Already, industries in Rajasthan have protested on the steep
hike imposed on
them this year and we had the spectacle of industrialists being
beaten up by
the police in tariff protests. If tariffs go up by another 50
per cent, Indian
manufacturing may as well close shop. They are already finding
Chinese
competition very hard to beat, this will be their death-knell.
The
problem is that without a hard look at the basic policies that
have been
followed in the power sector, there is no easy way out of the
crisis. This is
not of course where the current political and economic
establishment wants to
go.
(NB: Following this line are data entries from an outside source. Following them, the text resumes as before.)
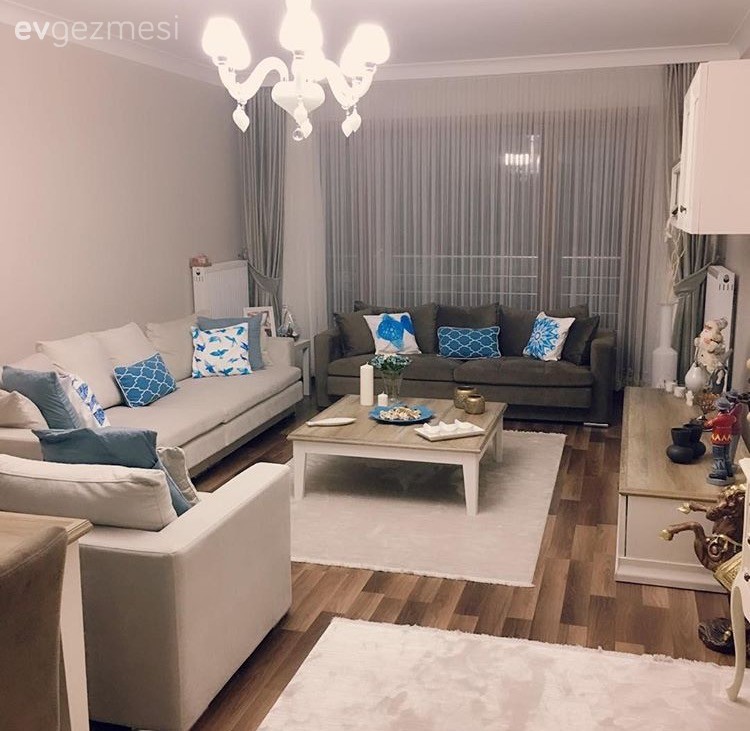 Ev sahibimiz dekorasyona çok ilgili. Monoton bir ev yerine; kendinden bir şeyler kattığı, hayal gücüne yer verdiği, ruhu olan bir ev olsun istemiş. Gözüne batan detaylar küçük değişimlerle düzenlenmiş; kendi üretimi duvar dekorları, el emeği yastık kılıfları, ilginç galeri duvarı tasarımları evin pek çok yerinde Sinem hanımın dokunuşları var.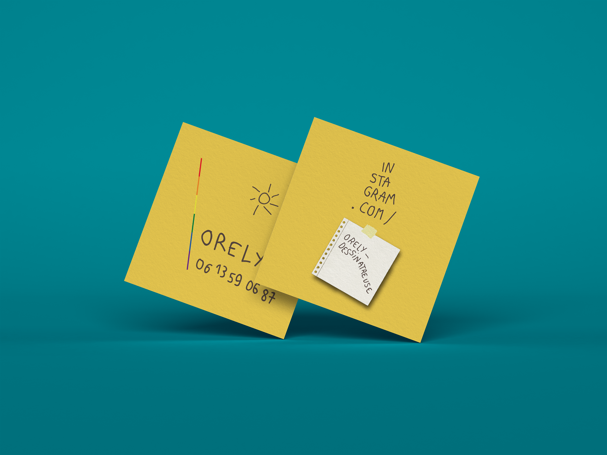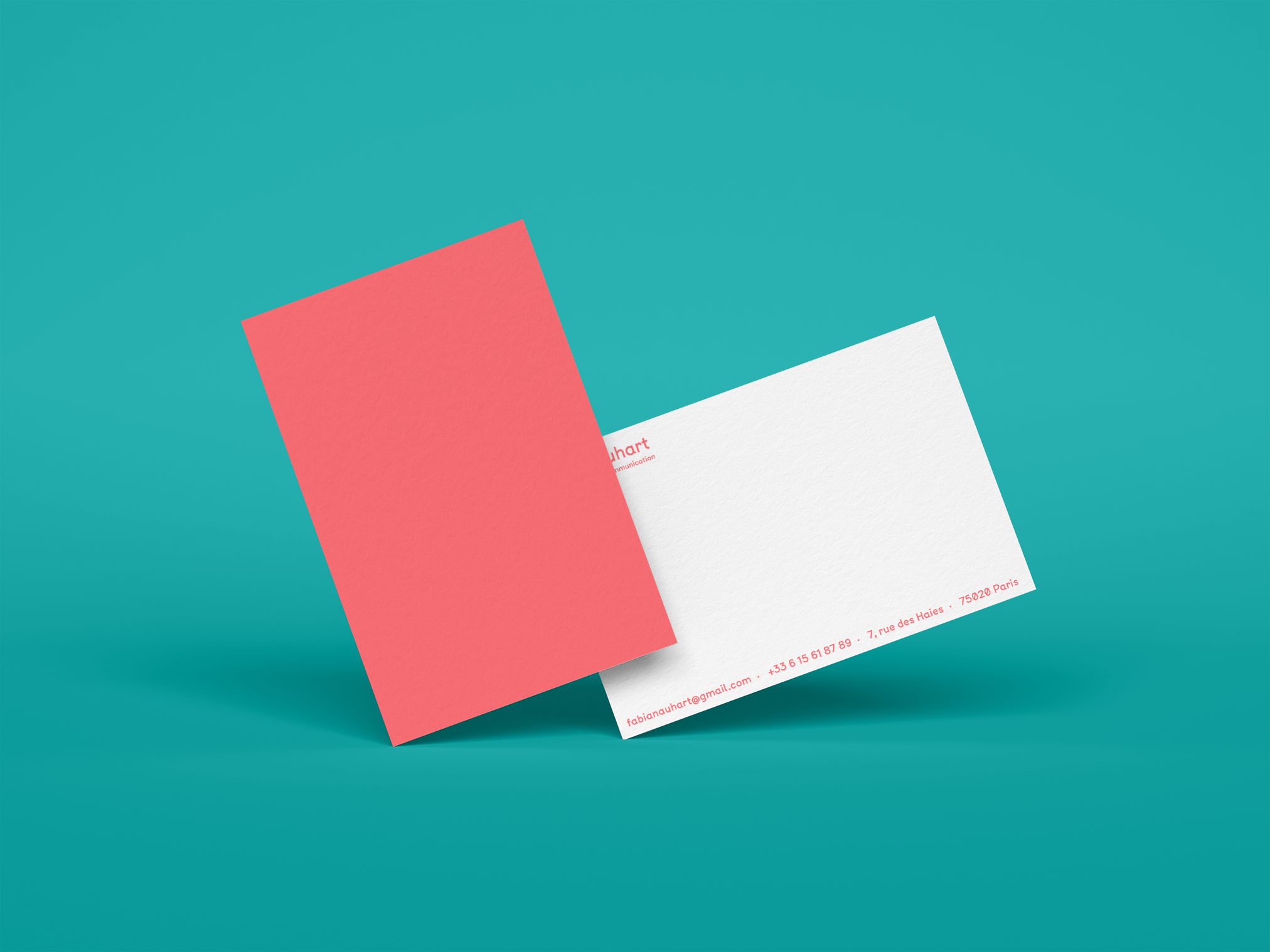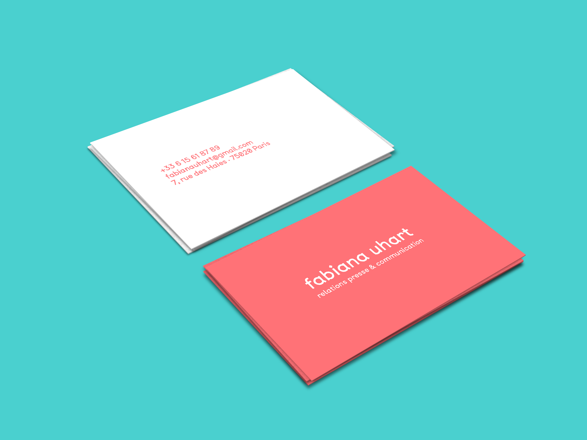 Création de l’ensemble de papeterie de Fabiana Uhart, attachée de presse. Imprimé en pantone fluo.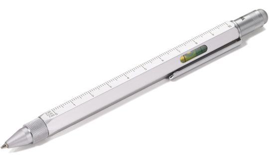 Planungshilfe und Werkzeugkoffer in einem! Der Multitasking-Kugelschreiber CONSTRUCTION hat wirklich einiges drauf- und drin. Verschiede Skalen, Zentimeter- und Zoll-Lineal, Schlitz-/ Kreuzschraubendreher, Stylus und Wasserwaage.

For them, the issues are simple – if private players need a
higher tariff,
so be it. If the state governments have to face the wrath of the
people, this
is their problem. In any case, the BJP and the Congress have had
a consensus on
the power sector reforms, so all that BJP can talk about is
“corruption” and
not the underlying causes. This is exactly what they are doing
in both Delhi
and Rajasthan, where they are now in the opposition.
What
is at stake is the fundamental question of the economic reforms.
Are these
reforms for the people or for the capitalist class? The answer
in power sector
reforms is that it was always meant for the Tatas, the
Reliances, and now the
Adani's and the Lancos. It is this 1 per cent versus 99 per cent
that is at the
core of power sector reforms, as it is in the Wall Street
protests.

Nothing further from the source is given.